Data items
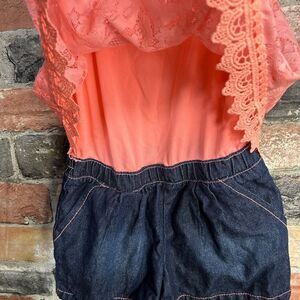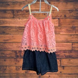 5 for $25🔥Limited Too Pink Lace & Denim Shorts Rompers Girls Size 6X
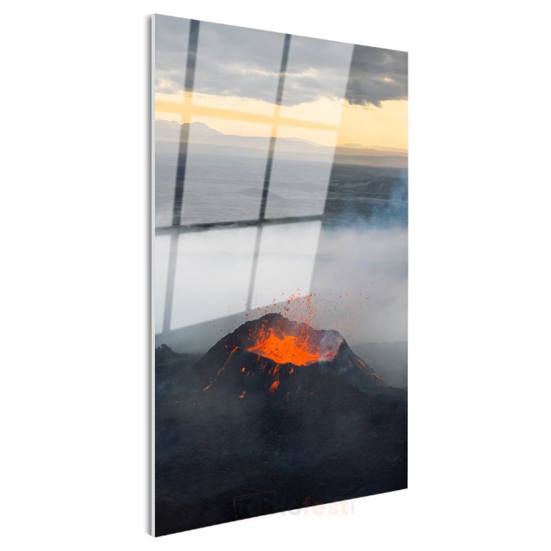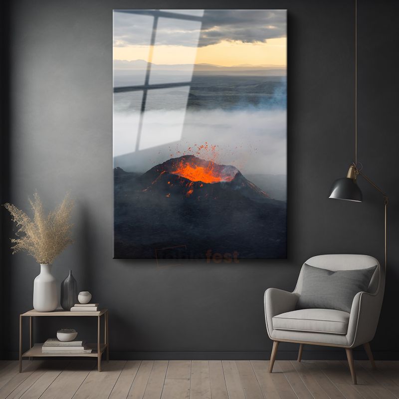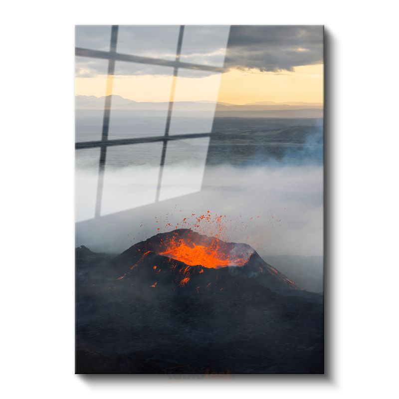 Yanardağ Patlaması - Doğanın Ateşli Gücünün Muhteşem Görüntüsü Cam Tablo
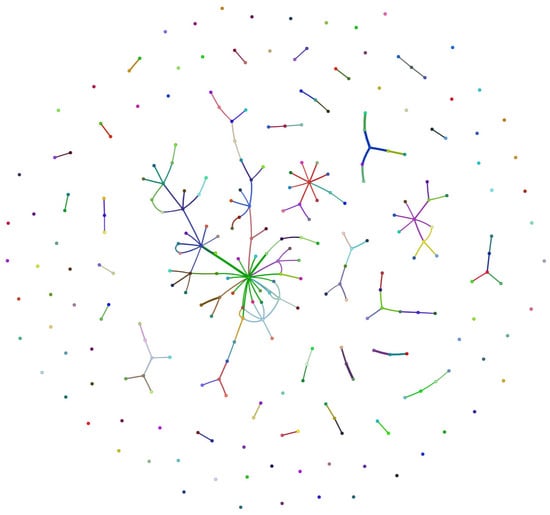 Dynamic knowledge graph constructed based on entity relationships. In this graph, nodes are colored according to their entity type (e.g., organization, person, location, event). The thickness of an edge represents the strength or frequency of the relationship, with thicker lines indicating stronger or more frequent connections, and thinner lines indicating weaker or less frequent ones.
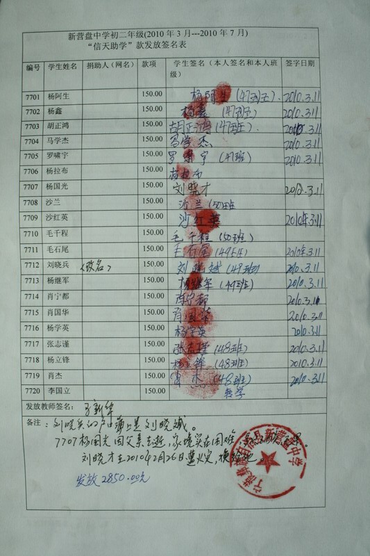 新营盘中学77批(2010年3月-2010年7月)受助学生签收确认单
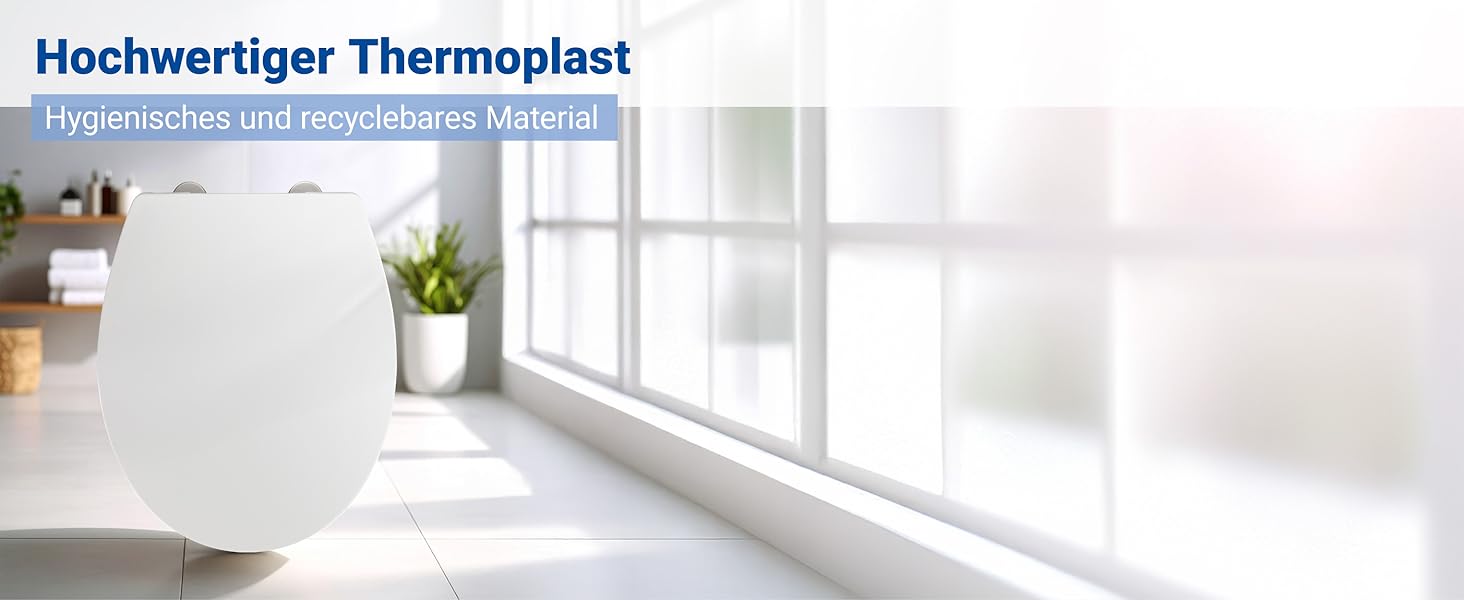 Thermoplast ist ein langlebiges Material, das sich mühelos mit einem weichen Tuch reinigen lässt. Darüber hinaus ist der gesamte Toilettensitz recycelbar und spielt somit eine wichtige Rolle beim Umweltschutz. Eine nachhaltige Wahl für jeden Haushalt!

TASK GOAL -
Every entry must be retyped exactly, with the pictures removed.

ANSWER FOR THIS EXERCISE -
 5 for $25🔥Limited Too Pink Lace & Denim Shorts Rompers Girls Size 6X
 Yanardağ Patlaması - Doğanın Ateşli Gücünün Muhteşem Görüntüsü Cam Tablo
 Dynamic knowledge graph constructed based on entity relationships. In this graph, nodes are colored according to their entity type (e.g., organization, person, location, event). The thickness of an edge represents the strength or frequency of the relationship, with thicker lines indicating stronger or more frequent connections, and thinner lines indicating weaker or less frequent ones.
 新营盘中学77批(2010年3月-2010年7月)受助学生签收确认单
 Thermoplast ist ein langlebiges Material, das sich mühelos mit einem weichen Tuch reinigen lässt. Darüber hinaus ist der gesamte Toilettensitz recycelbar und spielt somit eine wichtige Rolle beim Umweltschutz. Eine nachhaltige Wahl für jeden Haushalt!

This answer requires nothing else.